Then, biting his lip, James picked up a quill and began his response to Harry.
It would have been simple, after all, if he didn't have a wife and another son who might be hurt by this. But he did, and that meant there was only one answer he could give to Harry's blatant threat.
He wrote with a heavy heart.
When did everything go so wrong? When did Harry start feeling more loyalty to one of his professors than his own blood family, even when that professor embarrassed his father so horribly?
"Calming Potions," announced Dumbledore with a degree of satisfaction, his eyes shining at them over his half-glasses. "We will begin working on the variations of the simple calming draught today, and work our way up to ever more complex potions. Please open your books to page 437."
Harry dutifully did so, listening in silence to the excited chattering of the Gryffindors. They had been much more cheerful ever since Dumbledore took over Snape's classes. And Harry had to admit that Dumbledore wasn't half a bad teacher. He did explain things more slowly than Snape, and he could give more encouragement, even though he didn't possess half of Snape's theoretical knowledge.
But Harry could not forget what else Dumbledore was, not when he could feel the current of compulsion that soothed a fight beginning to erupt between Blaise and Dean Thomas, or when the encouragements to Neville had an extra edge to them. He kept his eyes down, and worked hard, and tried not to show how bored he was. Snape had had him on seventh-year work, and despite the lifetime of practice Harry had in pretending to be less competent than he really was, it was surprisingly hard to go back to fourth-year brewing.
He stood up to fetch the violet petals and other ingredients they would need, and Draco caught his arm. Harry glanced at him inquiringly. Snape had made them partners a few days before his arrest, and Dumbledore had seen no reason to change the arrangement.
Now, Harry almost wished he had. Draco's eyes were gleaming with the bright fever they'd taken on in the past few days, and the black-and-silver web around him pulsed, visible even when Harry wasn't looking for it.
"Harry," Draco whispered. "Can you fetch me some powdered bicorn horn and sphinx claws, too?"
Harry recognized those ingredients at once. They were for Draco's mysterious potion, about which he still refused to say much, but which he had dedicated himself to passionately.
"Draco—" Harry whispered.
"It's all right," said Draco. "I think I can get one of the preliminary steps in the potion done today. A lot of the ingredients are the same as a calming draught." He paused and stared challengingly at Harry. "Unless you're not going to help me any more, of course, and I have to fetch them myself."
Harry rolled his eyes and went to get what Draco had asked him for. Arguing with Draco had become more useless than ever.

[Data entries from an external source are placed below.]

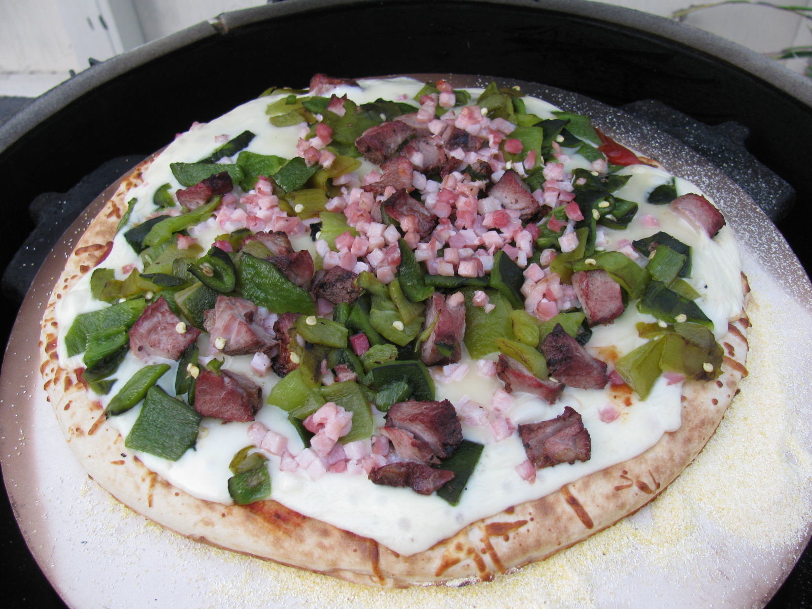 Here we go – Steak, Ham and Pepper Pizza on the Big Green Egg.
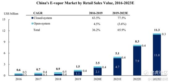 中国电子烟的市场过去四年的年复合增长是36.2%;预计未来五年的年复合增速达65.9%,这个增速别说一般传统行业,就算是互联网,新能源这些赛道也没有这么高的增速。本来给9分也不过分,但扣分点就是这个行业可能会面临监管的压力,然后就…….
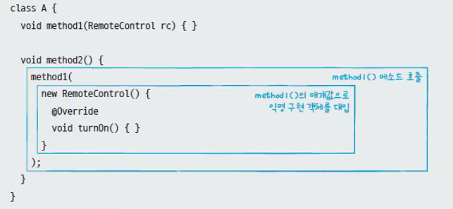 - 매개 변수의 매개값으로 익명 구현객체를 생성하여 대입
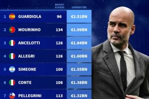 1.瓜迪奧拉:25.1億歐,引進(jìn)96人
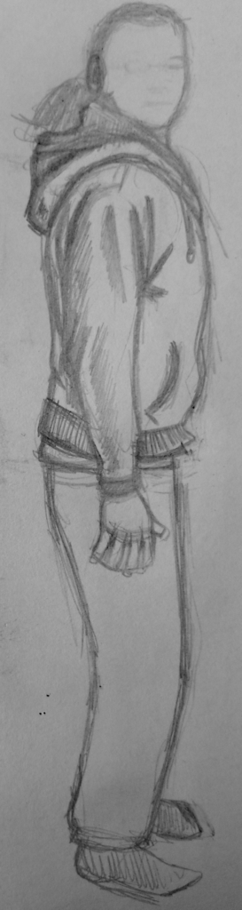 For my initial drawings I used reference photos from the internet as I found the thought of drawing people out on the street too daunting.
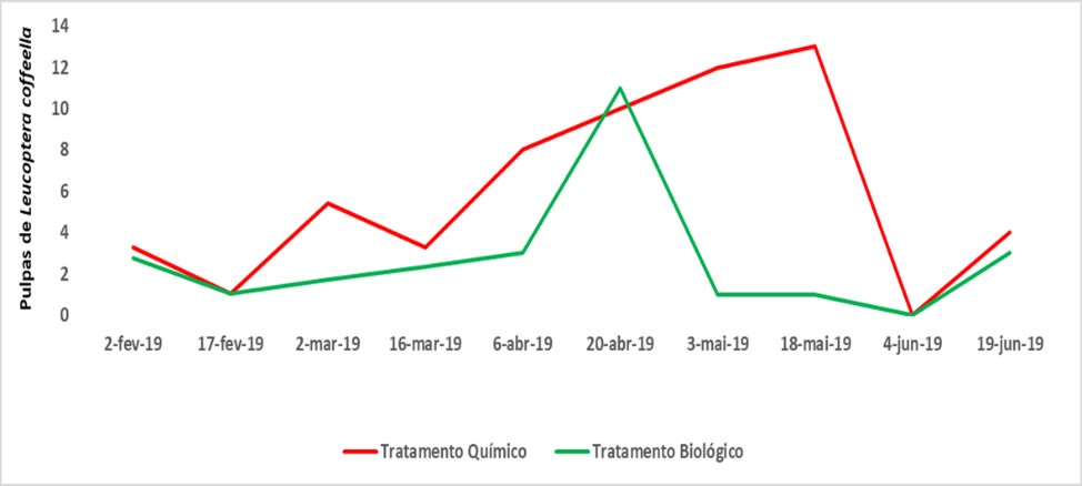 Figura 2– Comparativo do número médio de pupas de Bicho-mineiro (Leucoptera coffeella) em área tratada com liberações da larva do crisopídeo Chrysoperla externa e de área de cultivo convencional tratada com aplicações de inseticidas químicos.
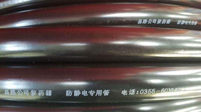 裝藥器專用半導(dǎo)體防靜電輸藥膠管,是裝藥器在輸藥過程中唯一專用管材,具有導(dǎo)電、防火花、耐壓、耐酸、防腐、耐磨損等作用,是裝藥器在輸藥過程中確保人身安全,杜絕重大事故隱患的特殊管材。 防靜電專用管 防靜電輸藥管生產(chǎn)過程 防靜電輸藥管生產(chǎn)線
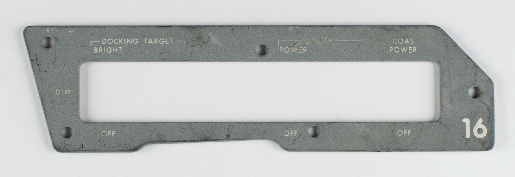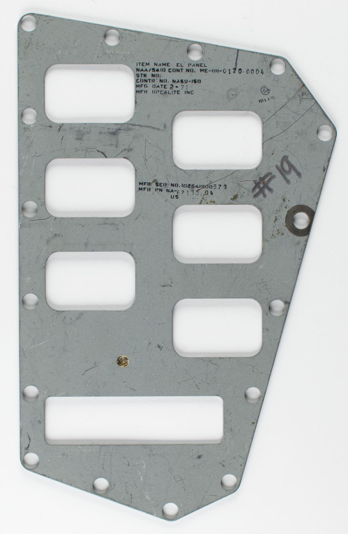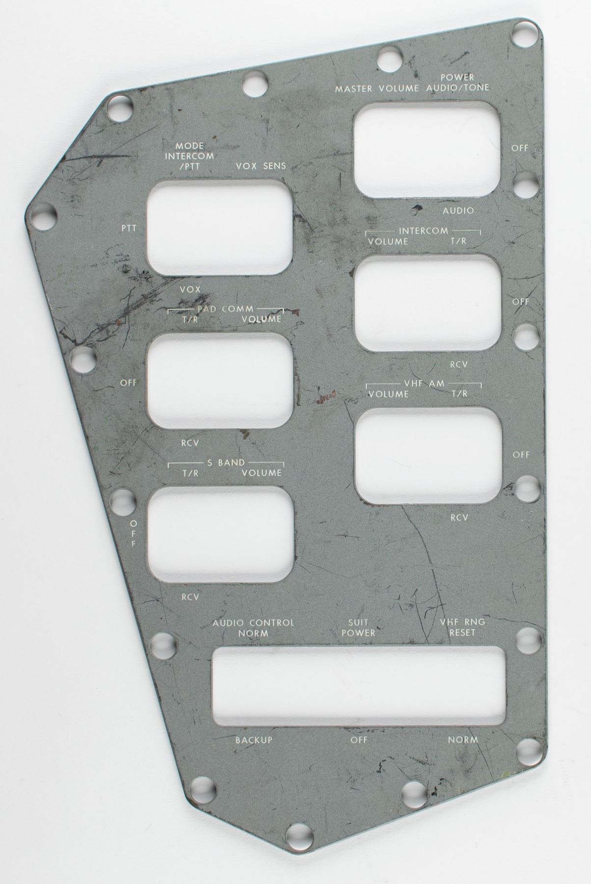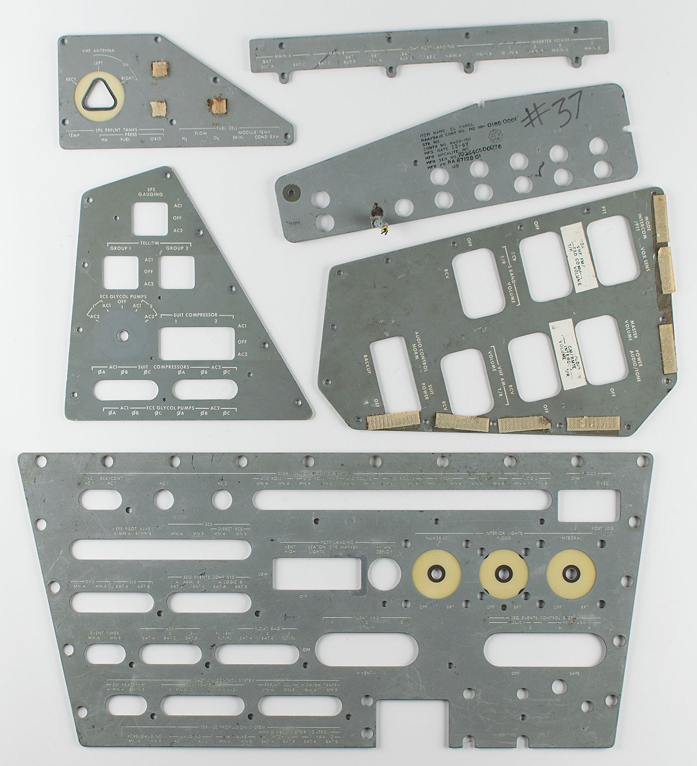 Collection of thirteen Apollo Command Module Block 1 and Block 2 mock-up control panel components, primarily consisting of electroluminescent overlays. The Apollo spacecraft saw the first application of electroluminescent lighting, which generated a blue glow that allowed astronauts to sleep or run exercises that required low light within the module. This grouping includes a mock-up audio control panel marked "6" on the face, featuring four knobs (attached with metal axles on wooden blocks, no electronics); a mock-up audio control panel featuring text related to volume controls and five knobs mounted in a similar manner, with some text plates missing; a telecommunications panel marked as "225" on the face, with part number "V36-762165-41" and several wooden blocks on the reverse; two different communications panels with markings related to volume and radio controls (one marked on the reverse with a manufacture date of "2-71"); a panel marked "16" with a long slot on the front and text associated with the docking target and COAS power, marked on the reverse with a manufacture date of "3-69"; a panel marked "VHF Antenna," with manufacture date of "12-68" on the reverse; a panel marked "229" on the face with circular holes for EPS groups, marked with a manufacture date of "12-67" on the reverse; a long rectangular panel for power systems, marked with a manufacture date of "12-67" on the reverse; three large trapezoid-shaped panels with text for environmental, propulsion, and stabilization control systems, one with a manufacture date of "12-67" and another with a date of "2-69," the third undated; and a panel with sections for "SPS Gauging," "Suit Compressor," and "Glycol Pumps." In overall very good to fine condition.
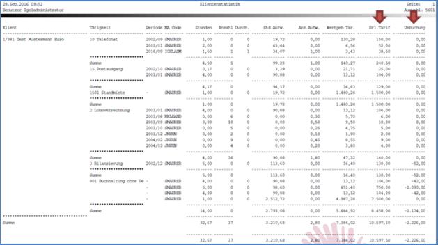 Pro Klient erhalten Sie eine Summe über alle Spalten, sowie eine Gesamtsumme aller Werte am Ende der Liste.
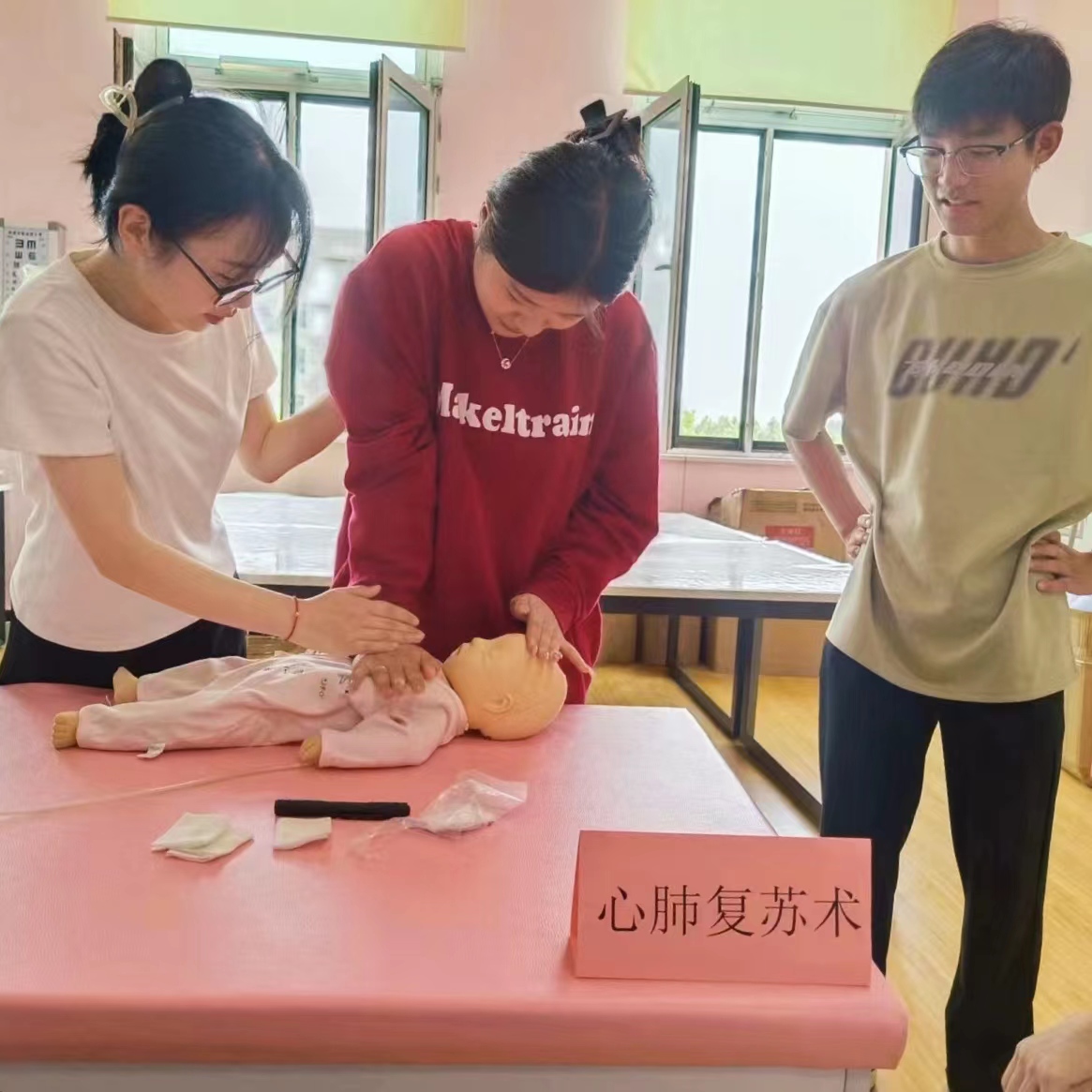本次活动中21级学生们通过实际操作配合详细解说的形式展示了婴幼儿保健与照护技能的规范操作,让参与者更为直观地接触和学习婴幼儿保健与照护专业技能。前来参与活动的老师和同学们对实操项目十分感兴趣,不仅全神贯注地观看实操项目的展示,还就实操项目提出自己的疑问并与操作者积极探讨。参与活动的学生们学习热情高涨,操作展示结束后,六位操作者还邀请了前来参与活动的老师和同学们体验更换纸尿裤、心肺复苏等全部实操项目。
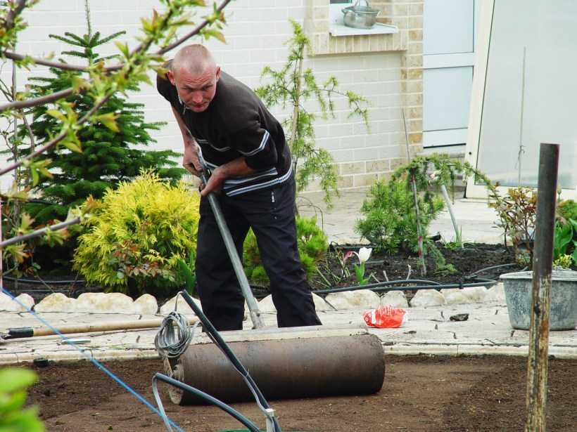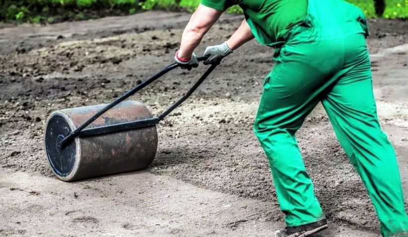 - Утрамбовка. Чтобы на площадке под газон к весне не образовались разного вида неровности, а почва после дождей не превратилась в болото, ее утрамбовывают специальным катком, бревном или с помощью обычной доски.
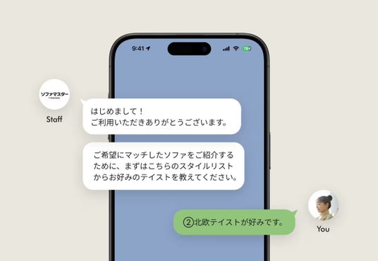 「ソファマスター by RUGHAUS」では、リビング空間のエキスパートがLINE上でブランド横断的な商品提案をすることで、リビングの主役であるソファ選びの手間を格段に簡素化しました。多数の選択肢から候補を絞った上で実物確認ができる店舗に案内されるため、オンラインの手軽さがありつつも、購入前にオフラインで不安を解消できる、いいとこ取りのサービスになりました。
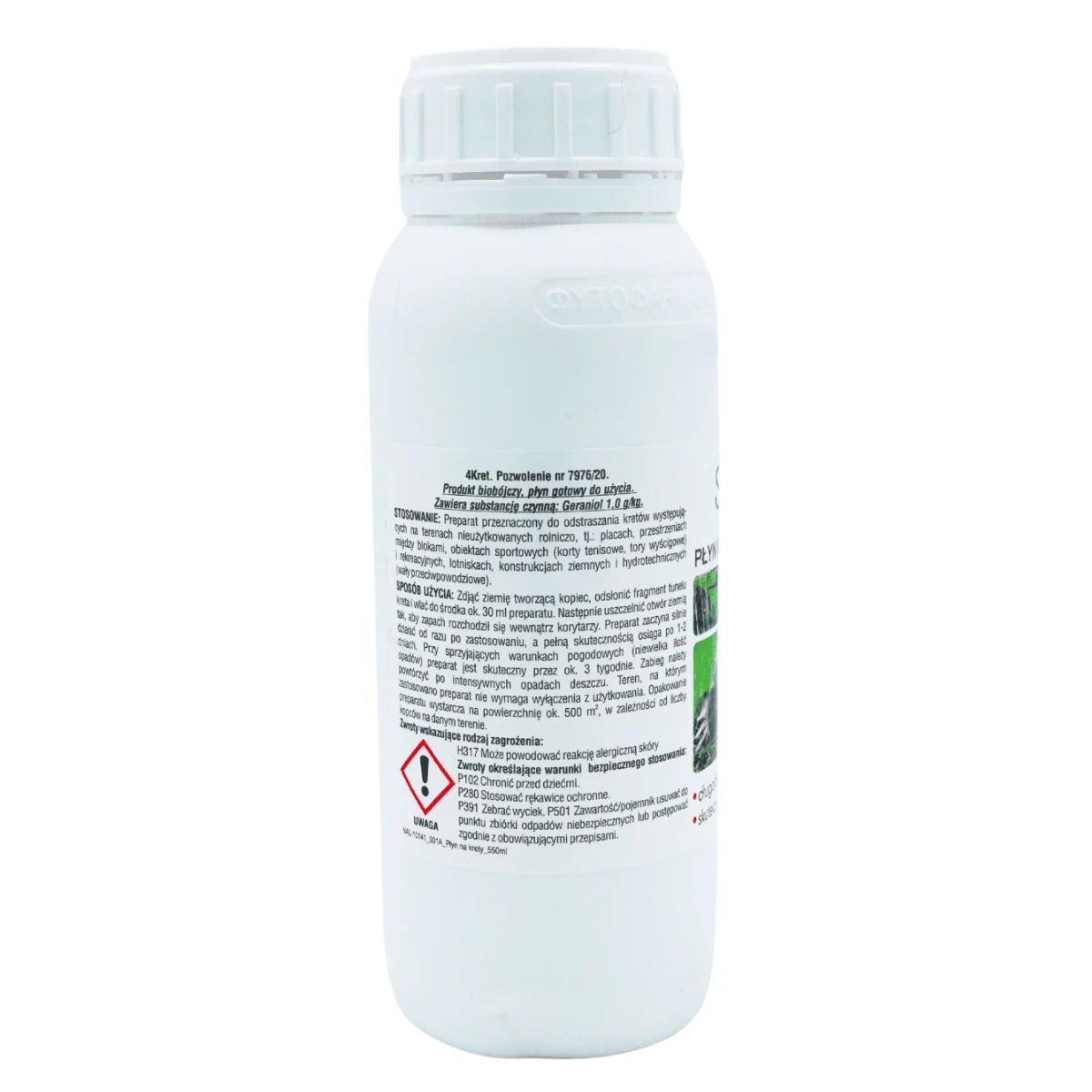 Wysoko wydajny gotowy płyn o silnym zapachu skutecznie odstraszający krety na nieużytkowanych rolniczo terenach. Działa od razu po zastosowaniu, a pełną skutecznością preparat osiąga efekt już po 1-2 dniach od momentu aplikacji na kretowiska.
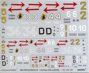 1944,To modelers, a highlight of the book is a superbly printed decal sheet that offers the unique markings for each subject in 1/72, 1/48 and 1/32 scales. Fortunately for us all, at this time in the hobby's development, there are quality kits of nearly all these planes available. The sheet itself is printed by Cartograf so you know that you are getting one of the best around.

Harry had, tentatively, touched the web, especially when they were in the library and Draco was lost in yet another book on Julia Malfoy, while Harry researched house elves' webs and how he might break them. The web did not react well to any attempt to touch it, it seemed. It simply writhed—once Harry had thought it even hissed—and slithered closer to Draco, wrapping his head and arms and shoulders. Harry could see the tendrils where it had sunk into his brain, and try as he might, he could think of no way to detach it without ripping out half Draco's sanity along with it. He was not about to risk that. He'd been through enough of that himself, after the Chamber.
He was at his wits' end to do anything other than help Draco complete the potion as fast as possible. The web seemed tied to that. It certainly grew brighter whenever he talked about it.
Complete the potion, Harry thought as he balanced all the necessary ingredients on a tray, not for the first time, and the web should let him go.
He was reminded, also not for the first time, that that might be as much wishful thinking as honest hope.
He settled down beside Draco again just as Dumbledore swept past their table. Harry cast a wandless glamour to shield the extra ingredients from the Headmaster's sight, and looked up with a small smile.
"You boys have everything you need already?" The Headmaster looked the very picture of kindness. Harry just watched him, even as Draco nodded and smiled and put on the sweet, innocent mask he'd grown expert at adopting of late, whenever someone who wasn't Harry questioned him about his life.
"Yes, thank you, sir," said Draco, and flicked his wand at the cauldron, causing the fire beneath it to light. Dumbledore bobbed his head pleasantly at them both, and then carried on around the room, pausing to give Neville a gentle scolding on the color of his calming potion.
"Calming potions," Draco muttered beneath his breath, flicking the powdered bicorn horn into the cauldron with precise movements of his fingers. "At our age. Honestly."
"Is that why we're not making one?" Harry muttered, even as he used the mortar and pestle to grind the violet petals down into a fine paste. He knew what he needed to do as well as Draco did. He had listened, not merely heard, while Draco chattered on and on about this step of the potion.
"Not just that," said Draco seriously. He spoke with his attention on the cauldron as the potion turned an odd orange color, and Harry thought that might have been the reason he said what he did, not realizing what had just slipped out. "So that I can become my father's magical heir, too. Or at least magical heir to a member of my family." He flashed Harry a hard smile. "I think that's a very good reason."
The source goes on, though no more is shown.